What is needed is an exact repetition of the lines from the first one in the data through the line with "4、 在编辑选项中选择[补充", with no pictures.

(Beginning of Data under study)

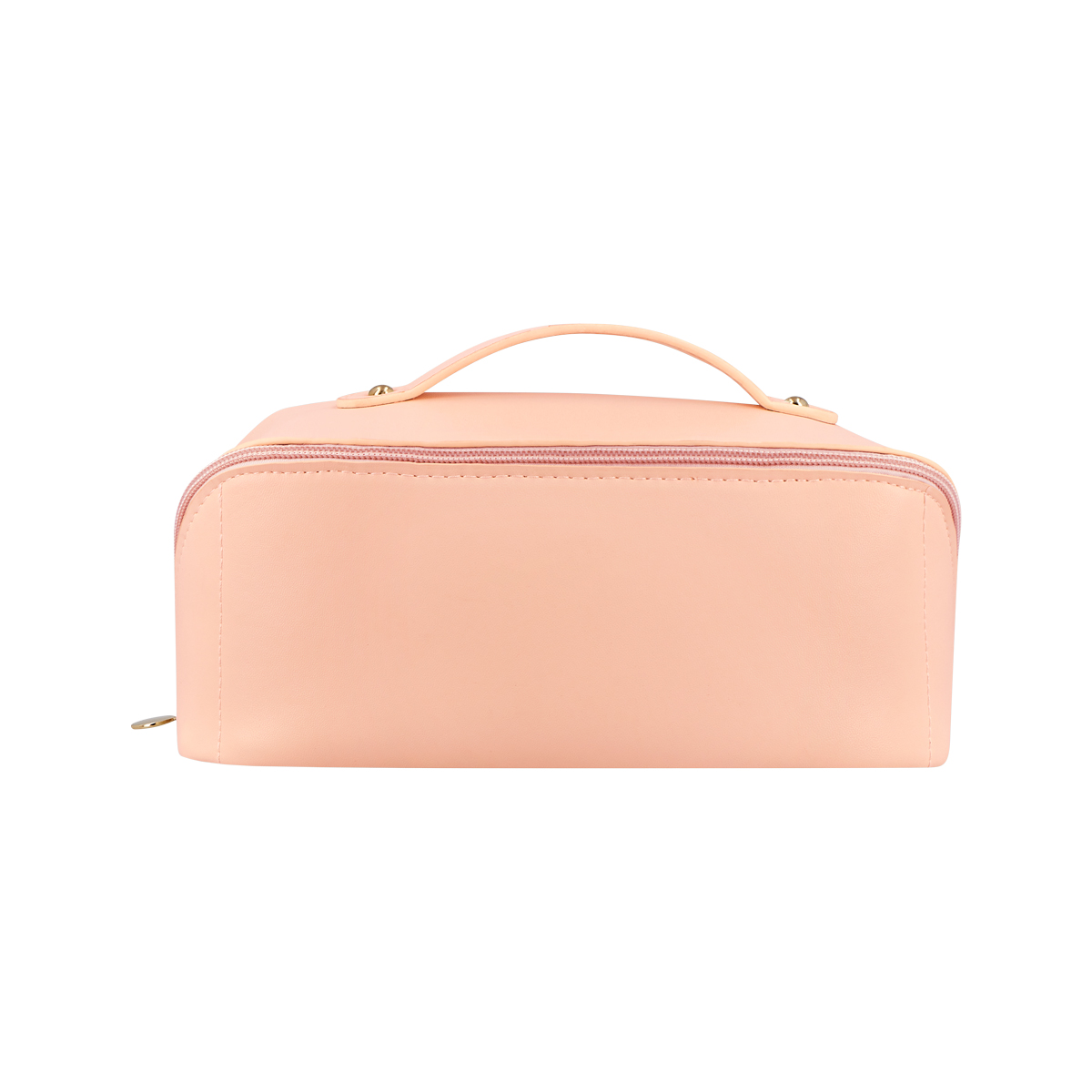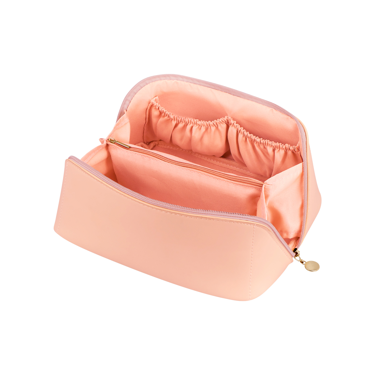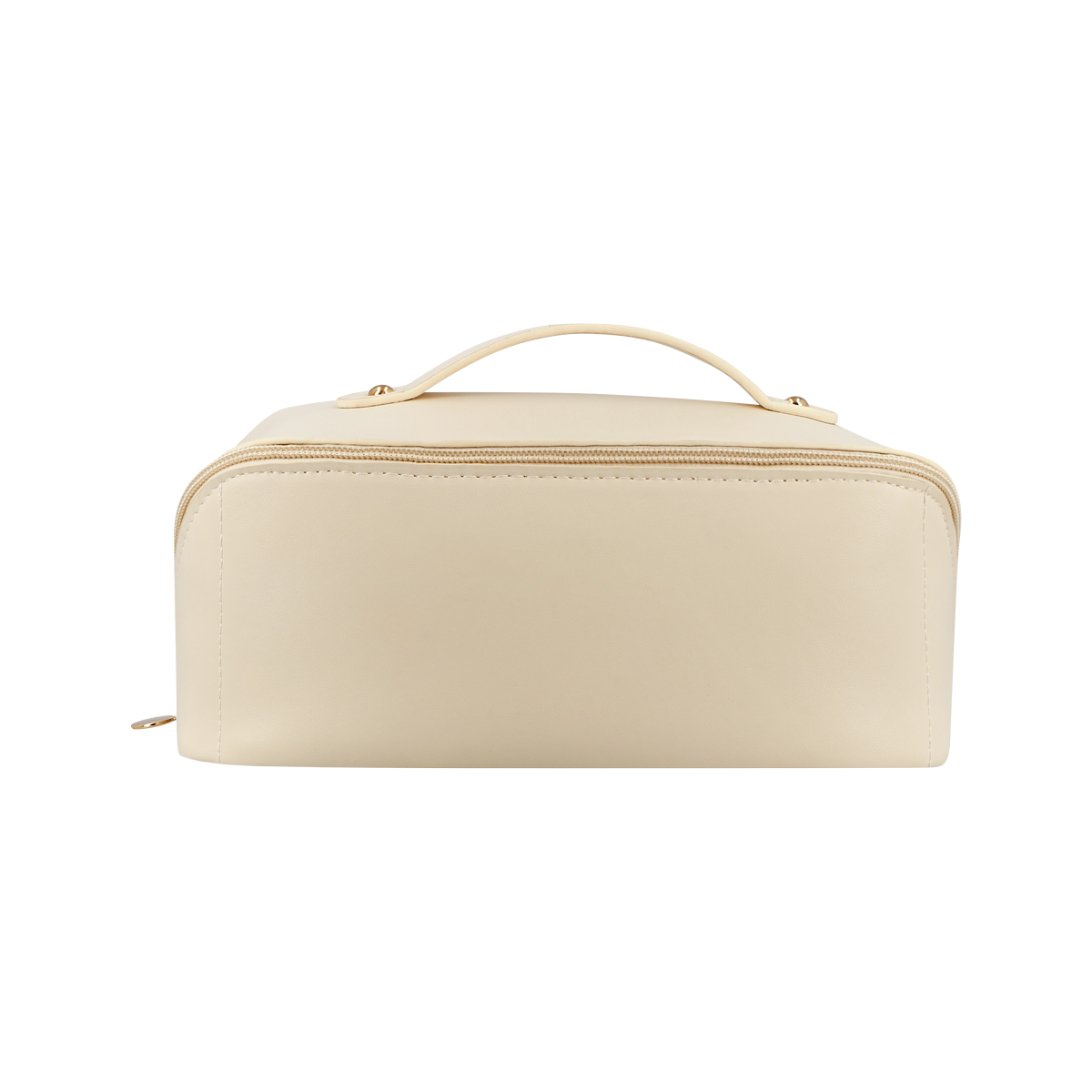 COSMETIQUERA TURA - Su elegante diseño en curpiel agrega un toque de sofisticación a tu rutina diaria, su cierre cruzado permite expandir la cosmetiquera al abrir, brindándote un fácil acceso a tus productos. En su interior, encontrarás tres elásticos organizadores que mantienen tus artículos en su lugar, evitando que se mezclen. Además, cuenta con un bolsillo central con cierre, ideal para guardar objetos más pequeños. Incluye un asa del mismo material, lo que facilita su transporte. Podrás llevar tus productos esenciales de belleza de manera ordenada, ya sea en casa o en tus viajes.
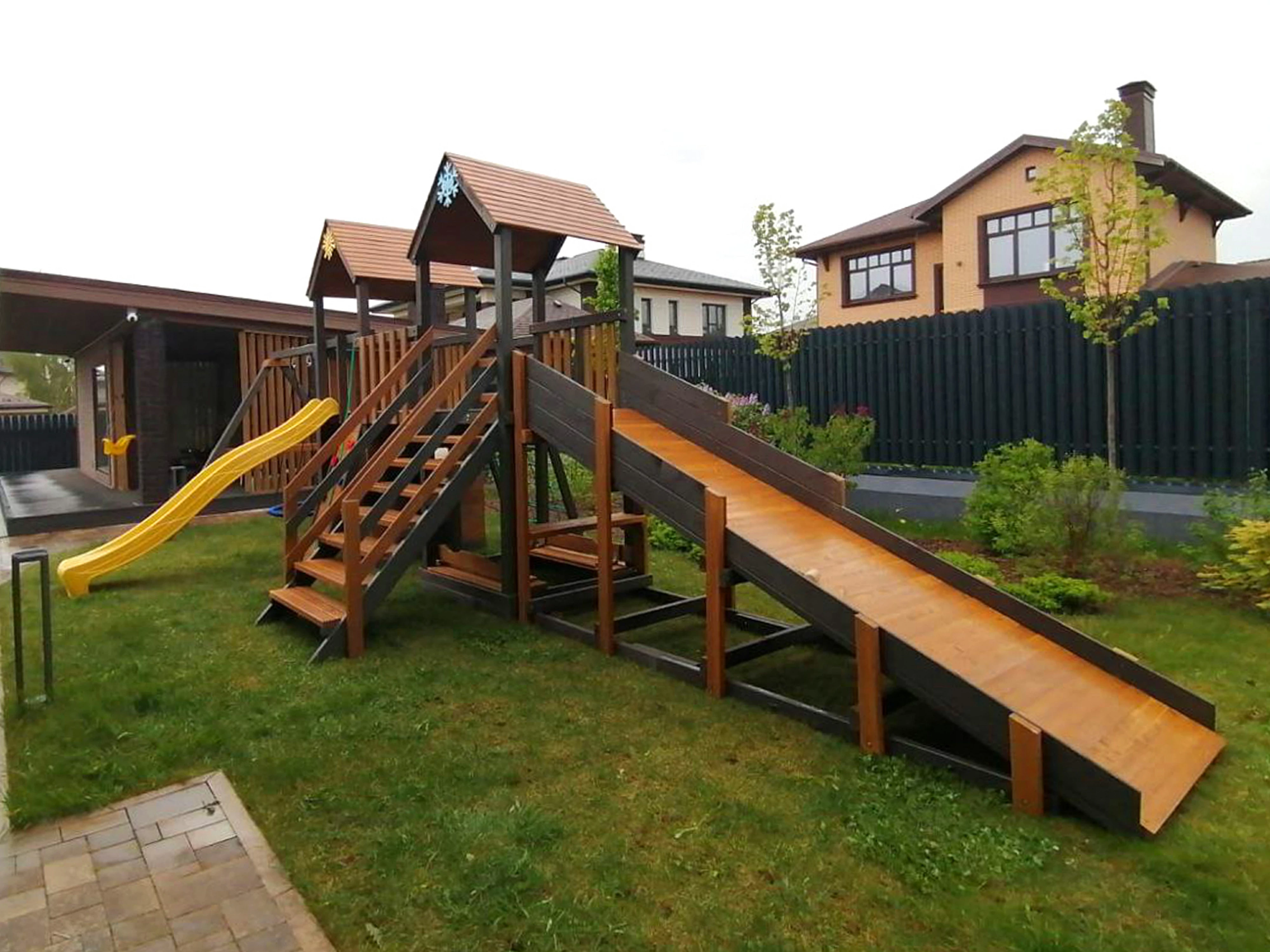 Обращаем Ваше внимание, что цвет установленной детской площадки может отличаться от представленных изображений на сайте. Специфика окраски нетоксичными пропитками допускает отклонения в цветовой гамме отгружаемых изделий вследствие различного цвета натурального природного сырья и естественных компонентов, используемых для производства площадок.
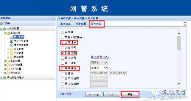 4、 在编辑选项中选择[补充业务],依次在[三方通话]、[拍叉权限]、[呼叫等待]三项功能前打“√”,最后点[保存]。
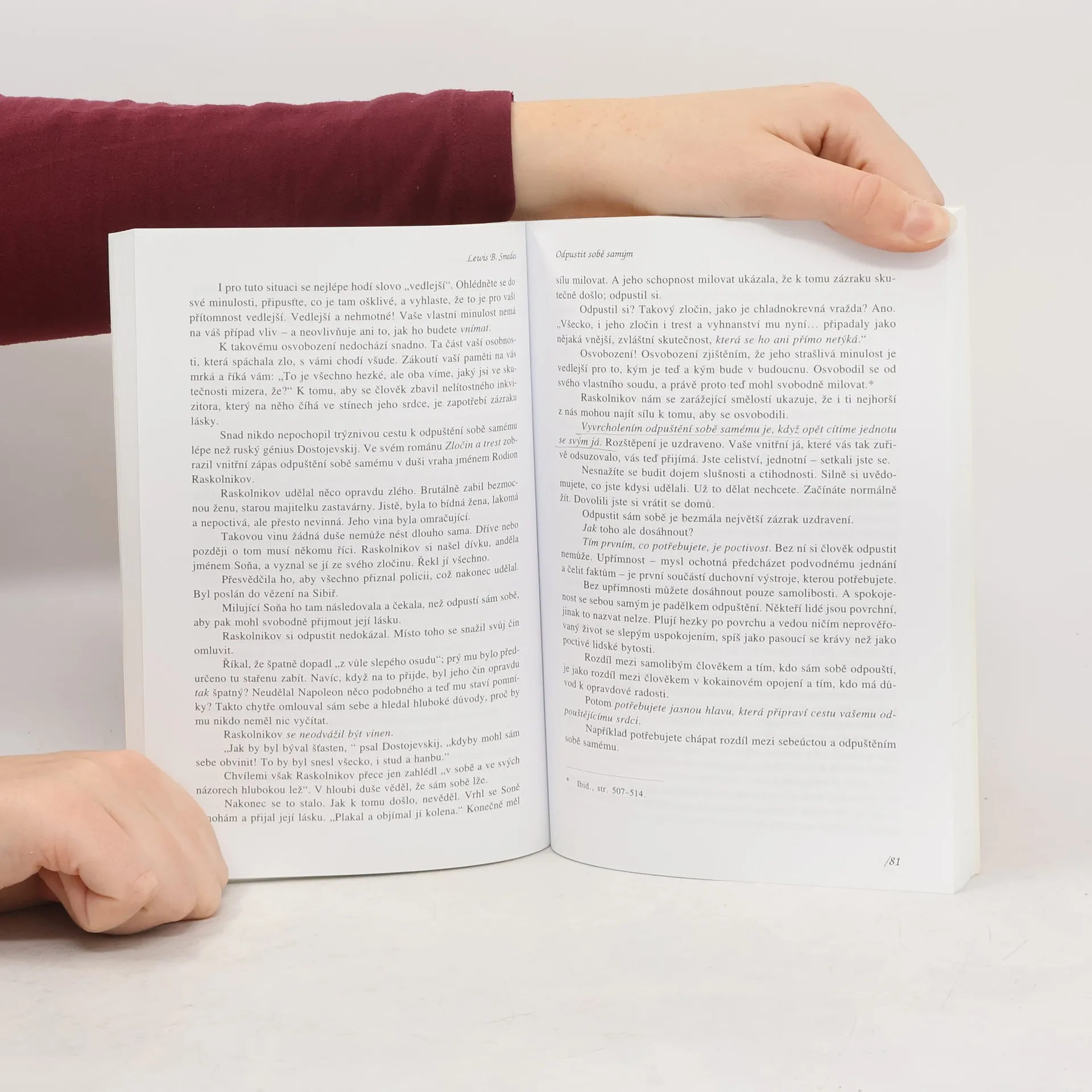 Jak být uzdraven z ran, které si nezasloužíme. Smedes. B. Lewis ve své práci citlivě rozebírá důvody, proč se navzájem zraňujeme: protože si myslíme, že si to druzí zaslouží; protože můžeme být v zajetí nutkavých představ; protože se nedokážeme vyrovnat s důsledky vlastních problémů; protože děláme chyby; protože naše dobré úmysly mohou být špatně pochopeny. Z tohoto hlubokého vnitřního poranění, které nás sžírá a okrádá o radost ze života, můžeme najít východisko. Tím je přiznání si bolesti, kterou prožíváme, vyrovnání se s ní a odpuštění tomu, kdo nás zranil.
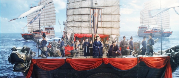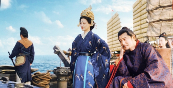 再看孙太真与钱弘俶的大婚,更是震撼全网。周雨彤饰演的孙太真,身着华丽婚服,娘家直接送三艘战船当嫁妆,霸气侧漏!网友调侃:"这嫁妆能灭国,以后吵架都得掂量掂量!"隔海跪拜、九钿三翅冠、战船列阵,细节拉满,既还原五代礼制,又拍出乱世儿女的家国担当。
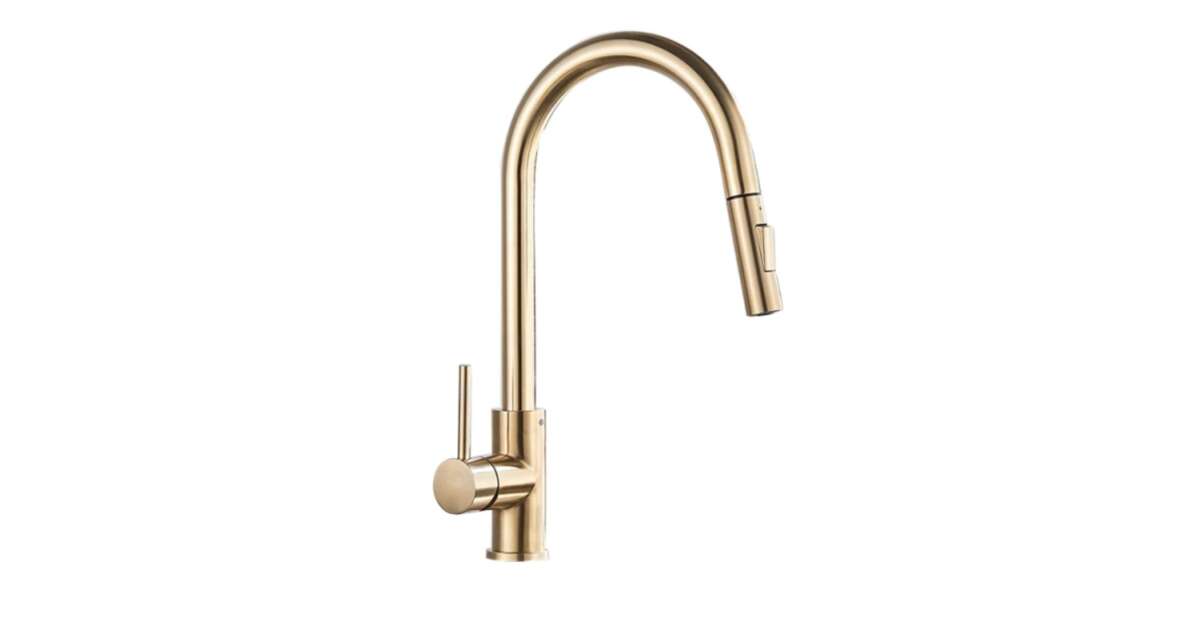 Konyhai mosogató csaptelep, skandináv ihletésű modell, matt arany színű.
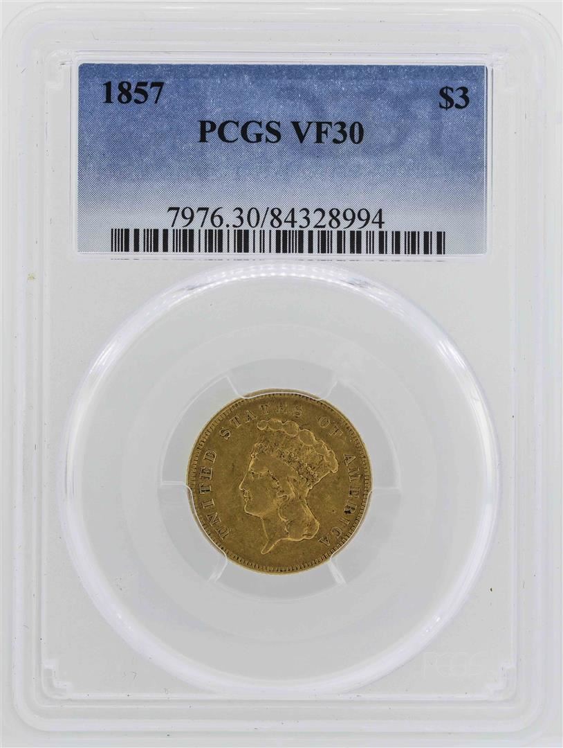 One 1857 $3 Indian Princess Head Gold Coin PCGS VF30. PCGS Graded.
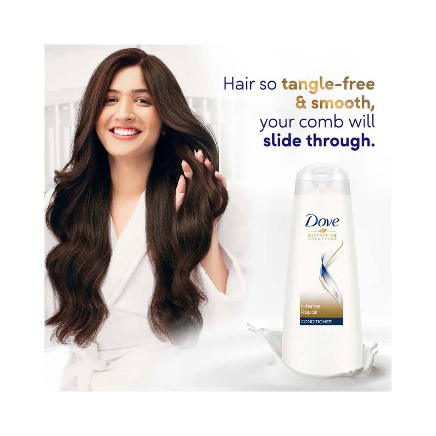 After shampooing, take a small amount of Dove Intensive Repair conditioner between your hands and apply it to the wet hair. Make sure that you cover every strand by combing your hair through your fingers. Leave it for some time and rinse off with water.
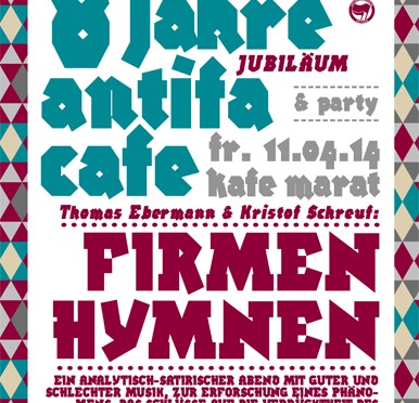 Das Antifa-Café im Kafe Marat wird 8 Jahre alt und das muss natürlich gebührend gefeiert werden. Am Freitag, den 11. April bescheren uns aus diesem Anlass Thomas Ebermann und Kristof Schreuf einen analytisch-satirischen Abend mit guter und schlechter Musik, zur Erforschung eines Phänomens, das Schlüsse auf die Verrücktheit des kapitalistischen Ganzen erlaubt:
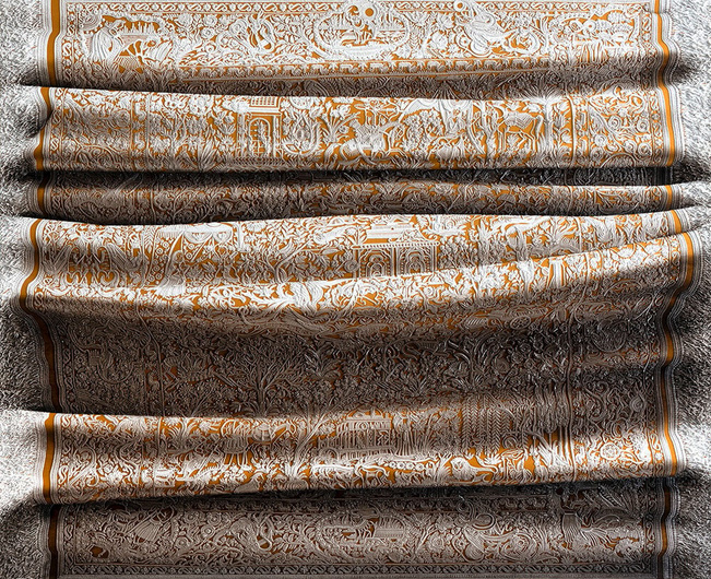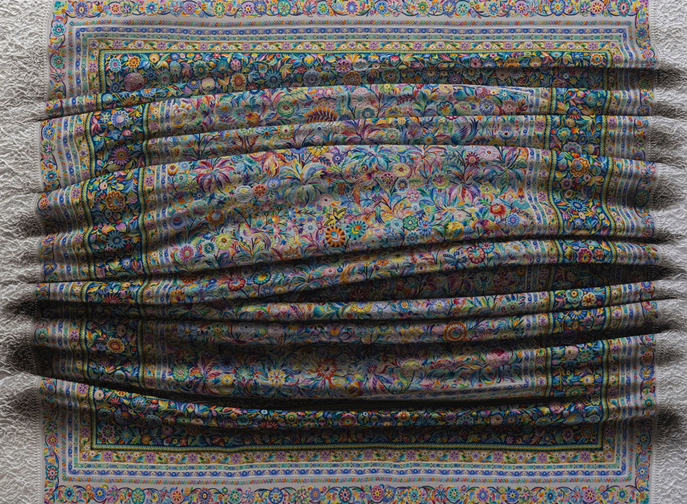 Designboom_ Marc Straus present Antonio Santín: Recent Works, a series of new paintings by the Spanish artist in his sixth one-person exhibition with the gallery in New York. Santín is recognized for his vivid paintings of intricate tapestries that reflect the dynamic interplay of light and shadow, the seen and unseen. Echoing techniques of Tenebrism and Chiaroscuro from the Renaissance, the artist portrays dramatic scenes, infusing both human expression and textile folds with a playful charm. This latest exhibition, running until March 3, 2024, is compelling in that collectively, in pattern and motifs, the hyperreal paintings tell their own story, whether on ethnicity through shared culture, geography, or botanical reference.
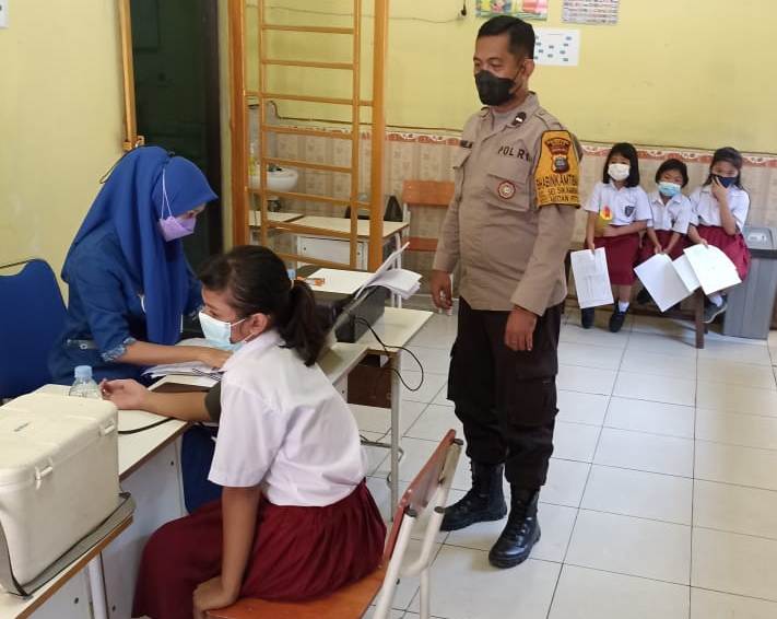 Polsek Medan Baru melaksanakan kegiatan vaksinasi Siswa/Siswi SD Swasta Cenderamata Jalan Pabrik Padi, Kelurahan SP. Timur 1, Kecamatan Medan Petisah, Jumat (04/3/2022).
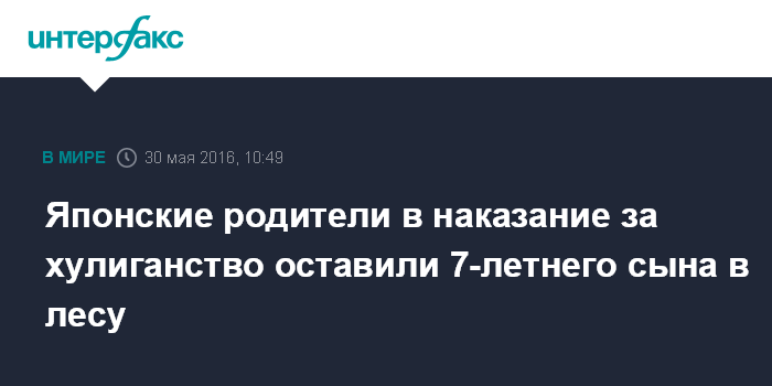 Москва. 30 мая. INTERFAX.RU - В Японии родители семилетнего мальчика признались, что их сын не заблудился в лесу в горах, как они заявляли ранее, а они намеренно оставили его там, сообщает The Japan Times. Ребенок все еще не найден.
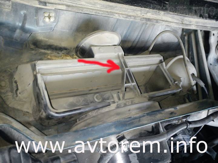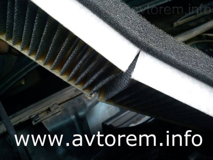 - получаем доступ к штатному посадочному гнезду салонного фильтра. Оно не очень приспособлено для замены фильтрующего элемента, так как имеет ненужную перегородку. Некоторые автолюбители советуют ее механически устранить, но мы в данном случае немного надрежем воздушный фильтр и легко установим его в посадочное гнездо;

(End of Data under study)

Exercise output:
 COSMETIQUERA TURA - Su elegante diseño en curpiel agrega un toque de sofisticación a tu rutina diaria, su cierre cruzado permite expandir la cosmetiquera al abrir, brindándote un fácil acceso a tus productos. En su interior, encontrarás tres elásticos organizadores que mantienen tus artículos en su lugar, evitando que se mezclen. Además, cuenta con un bolsillo central con cierre, ideal para guardar objetos más pequeños. Incluye un asa del mismo material, lo que facilita su transporte. Podrás llevar tus productos esenciales de belleza de manera ordenada, ya sea en casa o en tus viajes.
 Обращаем Ваше внимание, что цвет установленной детской площадки может отличаться от представленных изображений на сайте. Специфика окраски нетоксичными пропитками допускает отклонения в цветовой гамме отгружаемых изделий вследствие различного цвета натурального природного сырья и естественных компонентов, используемых для производства площадок.
 4、 在编辑选项中选择[补充业务],依次在[三方通话]、[拍叉权限]、[呼叫等待]三项功能前打“√”,最后点[保存]。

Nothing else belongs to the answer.